他单手插近裤兜,黑色风衣敞穿,衣摆垂落间,身姿带着矜贵疏离的禁欲感,骨底衔着几分痞意。
时洱对上他蝶翼蓝眸时,浓睫下摆,身上熟悉的香水味令她鼻翼微动、眉尾压低。
“是你?”
男助理再次压低帽檐,迈进电梯转身轻盈,按了一楼,“我们貌似不认识。”
她向前挪了半步,鼻尖微微抬起,那道冷调的香从衣料织隙里洇出来,“这味道,昨晚我在同一人身上闻过。”
“所以呢?”
时洱表情凝滞,晲着眼看着男人的后脑勺,不知怎地,莫名的有些烦躁,许是此人说话没有一丝人情味的缘故。
她维持温柔的语调,“所以我们见过的,你还稍了我一程。”
男人轻‘啧’一声,“不记得。”
她不可能认错。
时洱的五感异于常人,她能记住很多细微的表情和动作,睫毛的厚度、瞳孔在某种光线下的收放幅度、一个人说话时咬字的位置,甚至能凭声线识别对方,即便压低、伪装、故意捏出陌生的调子还能做到听声线辨认。
男子眼帘半垂,轻叹一声将脑袋偏过,帽檐下的眸子敛了一瞬。
“香水味一样,只能说,我们的品味一样。”
时洱听音色越听越像,“是吗?”她双手背后,一只鞋尖轻轻点触地面,缓步向前踱去,直视他的眸子,“你这双眼睛,我可不会认错。”声线平稳,尾音微微上扬。
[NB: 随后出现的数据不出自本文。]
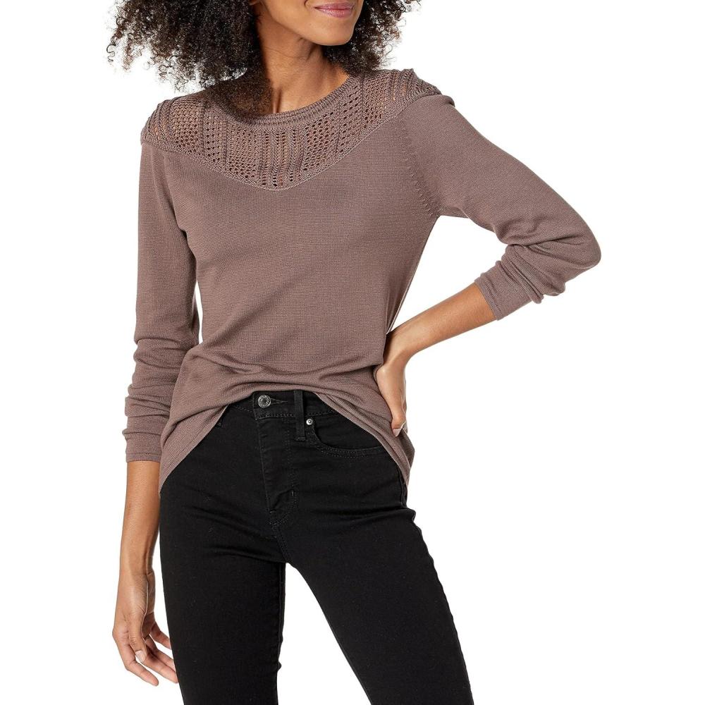 Cable Stitch Women’s Pointelle Inset Sweater – Long Sleeve Crewneck Lace Crochet Knit Pullover Top(Ash Brown)

她伸出手,朝他的帽檐探去。指腹快要触到布料边缘时,男人的手腕便贴了上来。
指骨冷白,触在肌肤时带着寒凉,偏薄的肤层底下透出一点青色的脉影,时洱仰头凝着他的眸子,淡冷的隐忍漫着几分野兽疯痞。
“你僭越了。”
时洱的手悬在半空,她看不透这双眼睛,她眨了眨眼,随即移开视线,手腕从他的掌心里抽出来。
男助理握得极紧,在她雪白的肌肤上留下了三道红印。
一楼到了。
他眼尾微勾,头也不回的往前走。
背影挺拔矜傲,行走带着些许轻晃,黑色衣摆随动作浅浅摆动。
时洱看着这个背影,心里有种说不上来的感觉。
像一个故人。
她迟疑了。
“叮铃。”
手机突兀响了一声。
她低头目光扫过。
岑喜儿:[亲爱的小耳朵,告诉你一个好消息,当事人的官司已经打完了,完胜哦!你姐妹现已上飞机,特意来陪姐妹枫芜三月游!]
时洱发自内心的愉悦。
sr:[好耶!]
[对了姐妹,我跟你说,我在电梯里偶遇男卧底了,你猜猜他是谁?]
岑喜儿:[谁啊?]
sr:[昨晚送我去云柚机场的少爷。]
岑喜儿:[什么?你认真的吗?你确定吗?不可能吧?]
sr:[我绝对没看错!千真万确!]
岑喜儿:[在盐城相遇,又在枫芜重逢……有这么巧的事?]
sr:[盐城距离枫芜六百多公里,即便是开车也要十几个小时,他能和我一样赶到这里,除非他昨晚也登上了飞机。]
……
岑喜儿:[他在……跟踪你?]
sr:[不像,我跟他素未相识,他为什么要跟踪我?]
岑喜儿:[那……]
sr:[巧合吧。]
*
剧组群又有新消息了。
J:[围读会暂定浔予大厦401,大家不要迟到。]
过了许久。
群里炸开了。
白依禾:[浔予大厦?离我酒店这么远!那本小姐需要起多早化妆做造型?不行,我不同意!]
宋律年:[白老师别气,你素颜来也是很美的。]
白依禾:[马屁就你会拍?本小姐睡眠得不到保障,你来负责吗?]
宋律年:[你需要我亲自帮你吗?]
“……”
白依禾:[宋律年你不要脸!]
宋律年:[我可什么都没说。]
陈导被他们的消息炸醒:[白小姐,我们向您保证,剧组会为您提供最舒服昂贵的房车,但围读会的地点…我实在是决定不了。]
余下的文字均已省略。